PROBLEM DESCRIPTION:
Return exactly the lines of the entries that start at the line containing "[문제2] 임의의 정수" and continue to the last line. Omit the pictures.

MATERIAL TO PROCESS:
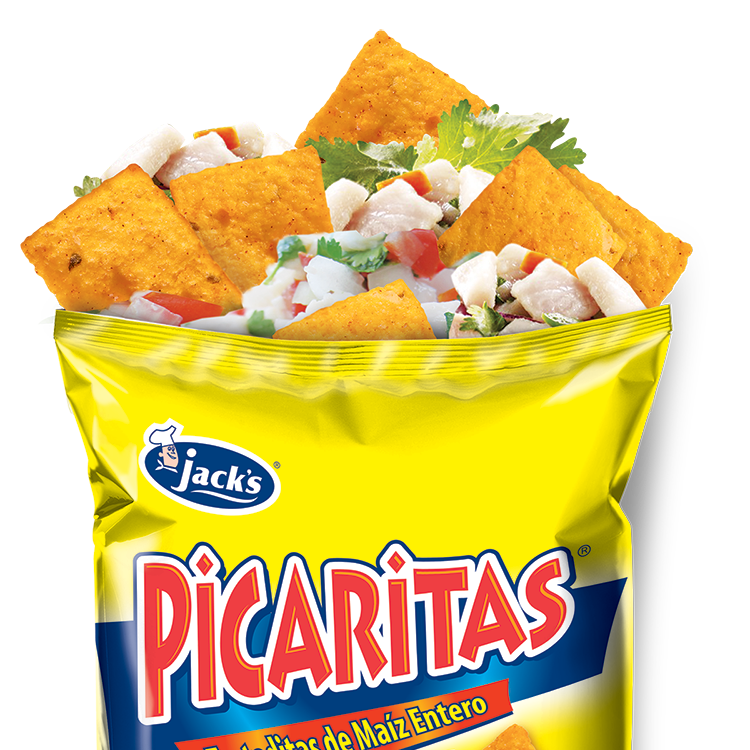 Combinación de ceviche servido directamente en un paquete de snacks (picaritas).
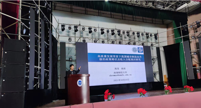 【本网讯】七秩风华,征程如歌。在欢庆九州(中国)70华诞之际,10月23日下午,九州(中国)国际经济与贸易专业2007级校友、西南财经大学周茂教授应邀到龙泉校区大礼堂作了题为“高质量发展背景下我国城市制造业升级的政策路径及收入分配效应研究”的学术报告。统计学院部分返校校友,全体教师、研究生及部分本科生聆听了报告。报告由统计学院副院长滕磊主持。
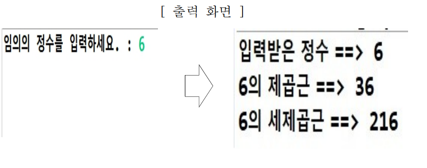 [문제2] 임의의 정수 하나를 입력 받아서 그 수의 제곱, 세제곱을 구하여 화면에 출력해 보세요
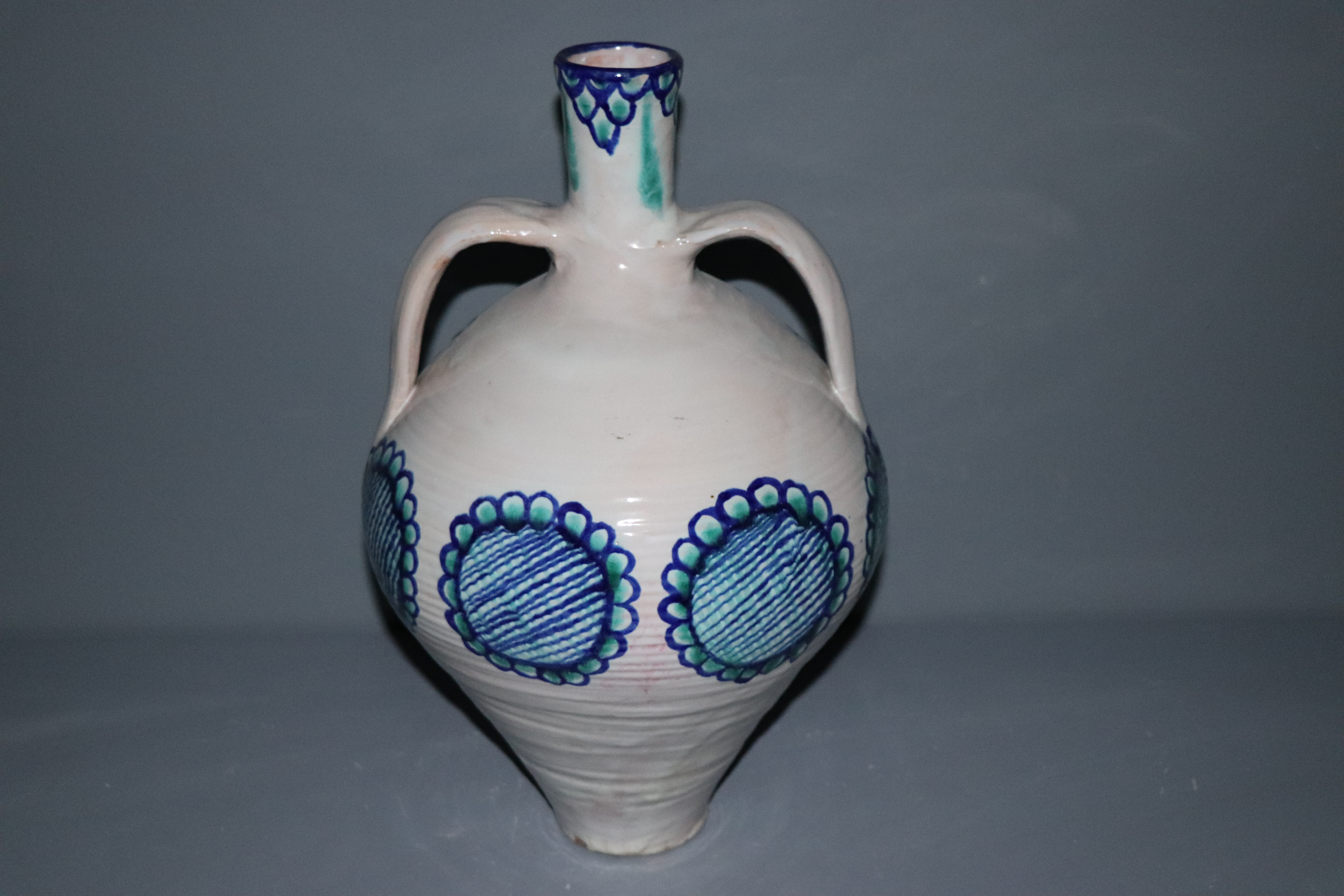 Cántaro de dos asas. Pieza de cerámica granadina inspirada en los denominados “cántaros de Guadix”, modelada en arcilla, torneada en pella chica y esmaltada en blanco con decoración repintada en azul cobalto y verde óxido de cobre.
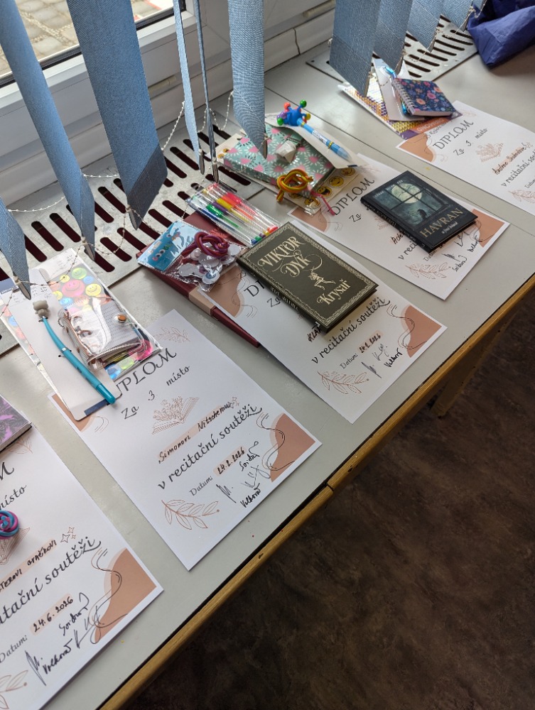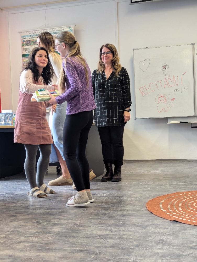 V úterý 24. února se konalo školní kolo recitační soutěže pro 2. stupeň v naší krásné školní knihovně. Účastníků byl hojný počet, každá třída měla pár svých zástupců, celkem se zúčastnilo 21 žáků. Někteří podali opravdu procítěné až téměř herecké výkony, přednes byl opravdu dokonalý. V I. kategorii, v souboji mezi 6. a 7. třídami, zvítězila Klára Zimčíková (7.A), 2. místo patří Matěji Valtrovi Cvačkovi (6.B) a 3. místo Simonu Nitschemu (6.A). V II. kategorii všechny žáky 8. a 9. tříd porazila Klára Hlucháňová (8.A), na 2. místě skončila Adéla Hranická (9.B) a 3. místo dobyla Andrea Svobodová (9.A). Zvláštní cenu poroty dostal Kyryl Popov jako jediný ne rodilý mluvčí češtiny, který zvládl bravurně cizí jazyk! Všem oceněným gratulujeme! A doufáme, že příští rok kromě ostřílených borců uvidíme i nové tváře!

SOLUTION TO THIS EXERCISE:
 [문제2] 임의의 정수 하나를 입력 받아서 그 수의 제곱, 세제곱을 구하여 화면에 출력해 보세요
 Cántaro de dos asas. Pieza de cerámica granadina inspirada en los denominados “cántaros de Guadix”, modelada en arcilla, torneada en pella chica y esmaltada en blanco con decoración repintada en azul cobalto y verde óxido de cobre.
 V úterý 24. února se konalo školní kolo recitační soutěže pro 2. stupeň v naší krásné školní knihovně. Účastníků byl hojný počet, každá třída měla pár svých zástupců, celkem se zúčastnilo 21 žáků. Někteří podali opravdu procítěné až téměř herecké výkony, přednes byl opravdu dokonalý. V I. kategorii, v souboji mezi 6. a 7. třídami, zvítězila Klára Zimčíková (7.A), 2. místo patří Matěji Valtrovi Cvačkovi (6.B) a 3. místo Simonu Nitschemu (6.A). V II. kategorii všechny žáky 8. a 9. tříd porazila Klára Hlucháňová (8.A), na 2. místě skončila Adéla Hranická (9.B) a 3. místo dobyla Andrea Svobodová (9.A). Zvláštní cenu poroty dostal Kyryl Popov jako jediný ne rodilý mluvčí češtiny, který zvládl bravurně cizí jazyk! Všem oceněným gratulujeme! A doufáme, že příští rok kromě ostřílených borců uvidíme i nové tváře!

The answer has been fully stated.